[Dataset extract Boundary: Start]

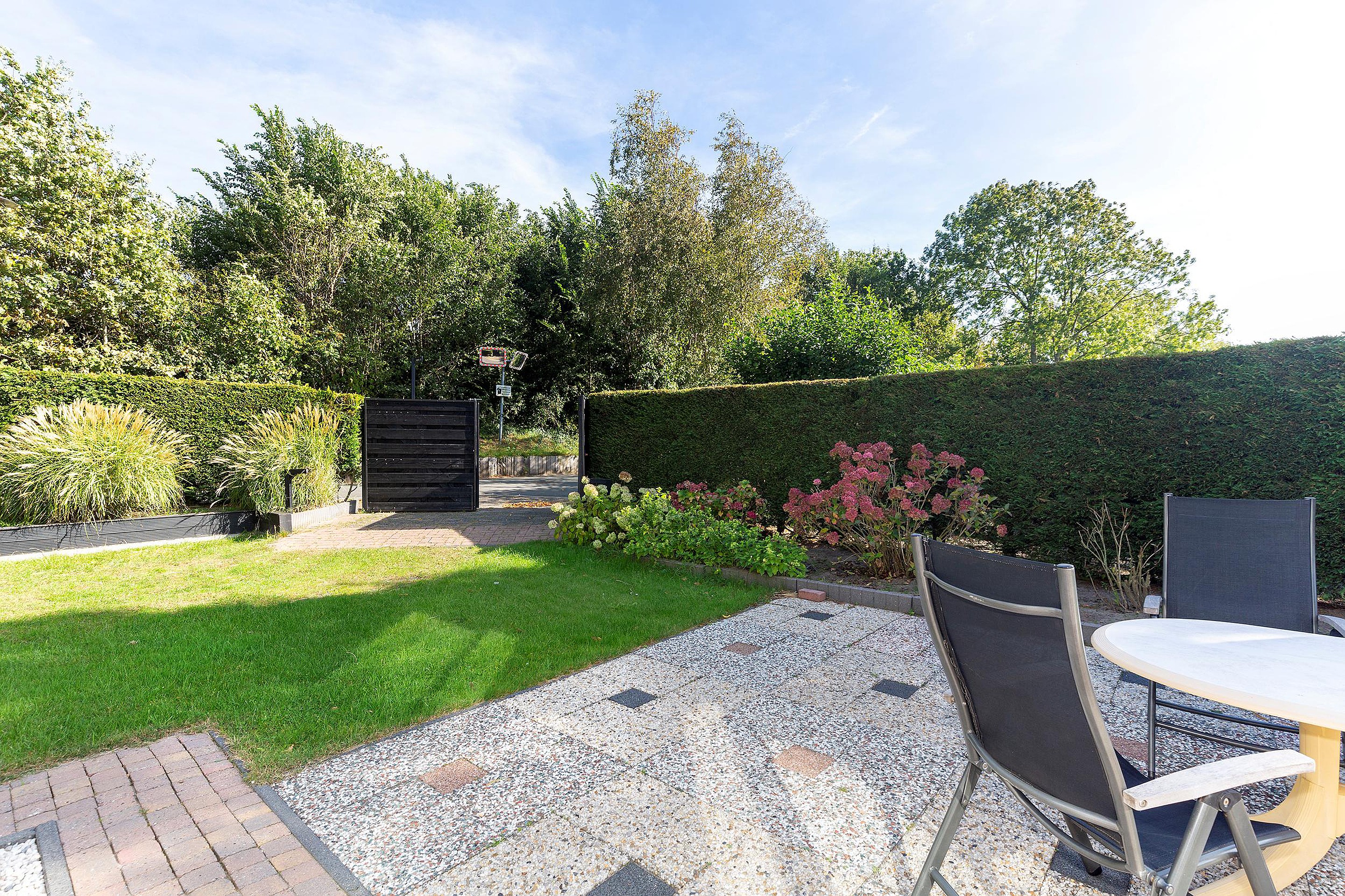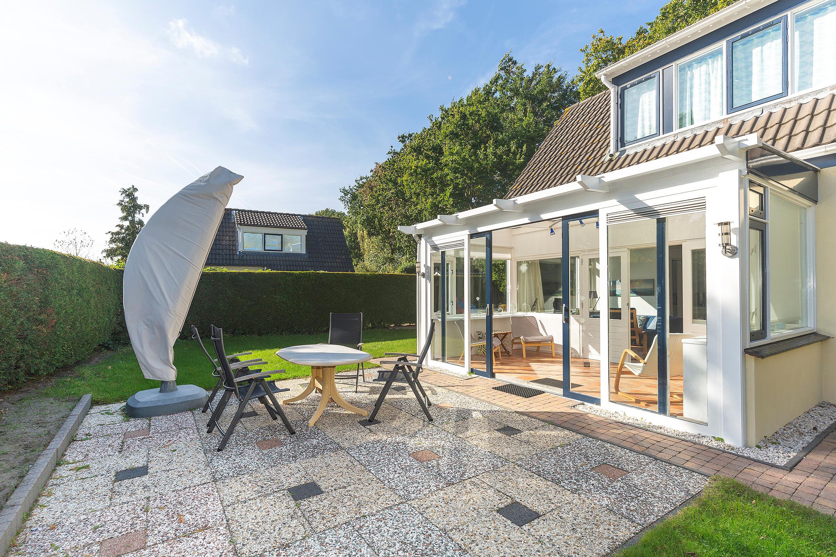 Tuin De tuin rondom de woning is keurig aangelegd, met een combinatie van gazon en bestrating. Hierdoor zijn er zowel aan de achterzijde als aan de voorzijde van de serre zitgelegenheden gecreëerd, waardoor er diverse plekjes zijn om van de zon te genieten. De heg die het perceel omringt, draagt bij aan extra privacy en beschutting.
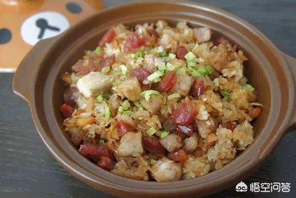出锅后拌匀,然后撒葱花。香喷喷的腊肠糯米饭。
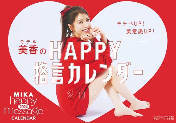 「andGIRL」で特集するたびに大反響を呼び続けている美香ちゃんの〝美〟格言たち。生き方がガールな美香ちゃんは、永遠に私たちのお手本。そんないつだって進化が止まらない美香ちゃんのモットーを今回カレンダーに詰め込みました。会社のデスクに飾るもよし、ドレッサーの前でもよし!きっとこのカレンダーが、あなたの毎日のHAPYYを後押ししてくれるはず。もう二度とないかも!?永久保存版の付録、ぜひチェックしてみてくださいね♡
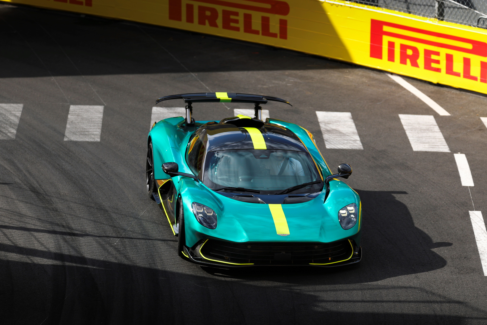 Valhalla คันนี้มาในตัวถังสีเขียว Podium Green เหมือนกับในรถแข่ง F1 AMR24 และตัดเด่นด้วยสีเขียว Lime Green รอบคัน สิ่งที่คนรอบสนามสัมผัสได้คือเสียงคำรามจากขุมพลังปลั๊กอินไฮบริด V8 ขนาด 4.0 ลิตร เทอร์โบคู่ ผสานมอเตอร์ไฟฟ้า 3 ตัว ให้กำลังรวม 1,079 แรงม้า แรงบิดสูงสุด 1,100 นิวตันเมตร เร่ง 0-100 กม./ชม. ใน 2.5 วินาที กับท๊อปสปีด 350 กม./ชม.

[Dataset extract Boundary: End]

*Exercise aim*:
The whole listing is to be retyped exactly, with its pictures removed.

*Answer*:
 Tuin De tuin rondom de woning is keurig aangelegd, met een combinatie van gazon en bestrating. Hierdoor zijn er zowel aan de achterzijde als aan de voorzijde van de serre zitgelegenheden gecreëerd, waardoor er diverse plekjes zijn om van de zon te genieten. De heg die het perceel omringt, draagt bij aan extra privacy en beschutting.
出锅后拌匀,然后撒葱花。香喷喷的腊肠糯米饭。
 「andGIRL」で特集するたびに大反響を呼び続けている美香ちゃんの〝美〟格言たち。生き方がガールな美香ちゃんは、永遠に私たちのお手本。そんないつだって進化が止まらない美香ちゃんのモットーを今回カレンダーに詰め込みました。会社のデスクに飾るもよし、ドレッサーの前でもよし!きっとこのカレンダーが、あなたの毎日のHAPYYを後押ししてくれるはず。もう二度とないかも!?永久保存版の付録、ぜひチェックしてみてくださいね♡
 Valhalla คันนี้มาในตัวถังสีเขียว Podium Green เหมือนกับในรถแข่ง F1 AMR24 และตัดเด่นด้วยสีเขียว Lime Green รอบคัน สิ่งที่คนรอบสนามสัมผัสได้คือเสียงคำรามจากขุมพลังปลั๊กอินไฮบริด V8 ขนาด 4.0 ลิตร เทอร์โบคู่ ผสานมอเตอร์ไฟฟ้า 3 ตัว ให้กำลังรวม 1,079 แรงม้า แรงบิดสูงสุด 1,100 นิวตันเมตร เร่ง 0-100 กม./ชม. ใน 2.5 วินาที กับท๊อปสปีด 350 กม./ชม.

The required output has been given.